No matter how many flawless custards or mirror glazes you’ve made in your life, some culinary techniques just seem to invite disaster, especially those that hinge on precise temperature control. If you need to evenly heat a delicate substance to a precise temperature, the microwave might seem like a horrible choice—but it’s often the best tool for the job.

Traditional heating methods—double boilers, ovens, skillets, and the like—heat food via thermal conduction, so the outer layers necessarily heat before the center does, even with constant whisking or stirring. Uneven heat is the enemy of temperature-reliant processes like tempering chocolate or caramelizing sugar, so an old electric range or uncalibrated oven can really work against you. Double boilers and bains-marie can effectively moderate finicky heat sources, but they could add excess moisture to whatever you’re cooking. In some cases, a little water is no big deal—but in others, it’s the kiss of death.
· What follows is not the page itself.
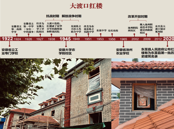 大渡口镇为全国重点镇,隶属安徽省东至县,为东至境内唯一使用官话方言的地区。在古建筑方面,大渡口镇有一座著名百年建筑“红楼”。该楼始建于民国初期,原为池州农校旧址,距今已有百年历史,分南北两楼,当地称姐妹楼。本次三下乡主题实践设计选择的地点为南红楼,该楼始建于1922年,历史悠久,是地方重要的历史建筑,承载了几代人的回忆;楼体坐西朝东,建筑面积 1780 ㎡,三层砖木结构,平面布局严谨;在设计风格方面以清水砖墙搭配红瓦坡顶,端庄大方,古朴典雅,具有西洋建筑风格。

If you’re trying to heat a homogenous liquid to a specific temperature as quickly and evenly as possible, the humble microwave oven won’t let you down. Microwaves work by making water, fat, and sugar molecules spin around like crazy—which releases heat—so they cook the interior of liquids at roughly the same rate as the exterior. (This isn’t true for solid foods, especially frozen items like Hot Pockets, whose molecules are tied up in rigid structures that prevent them from rotating at a consistent rate.) Even better, they’re usually so powerful that whatever temperature increase you’re after happens in mere minutes.

Zapping a custard in the microwave feels like cheating—but the results will convert you. I’ve recently started cooking lemon curd in the microwave, and I’m never going back. As custards go, lemon curd is pretty chill; it doesn’t need to be tempered, and all that acid facilitates a smooth emulsion. That forgiving nature makes lemon curd a perfect poster child for this method. If the microwave significantly improves an already-simple process (and it sure does), just think of what it can do for more annoying ones; consider this a gateway drug to the wonderful, low-pressure world of microwaved custard.


Microwave Lemon Curd

Photo: A.A. Newton

The proportions called for below work perfectly for my tastes—super-tart, with a good hit of salt to balance the sugar, and soft enough to eat like pudding straight from the jar—but if you’re in a committed relationship with a specific lemon curd recipe, use that one. Just don’t skip the microwave, which is kind of the whole point here. A fast-read electronic thermometer will ensure you nail the temperature, but skip it if you’re confident in your ability to eyeball a perfectly-cooked custard.


A note on lemon size: the lemons at ALDI have been absolute units as of late, so two of them yielded a generous half-cup of juice and a mountain of zest. If your lemons are smaller, you might need three, or even four. This will make just about a cup and a half of curd, which perfectly fills a repurposed jam jar; it scales well though, so make as much as your heart desires.


  • ½ cup (200 g) granulated sugar
  • ¼ teaspoon table salt
  • Zest and juice of two large or three medium lemons; you need about ½ cup (120 milliliters / 120 grams) of juice
  • 1 large egg plus 1 egg yolk
  • ½ stick (4 ounces, 114 grams, 4 tablespoons) salted butter


Measure the sugar and salt into a large, microwave-safe bowl or measuring cup. Zest the lemons directly into the sugar and salt, then rub together with your fingertips until everything smells nice and lemony.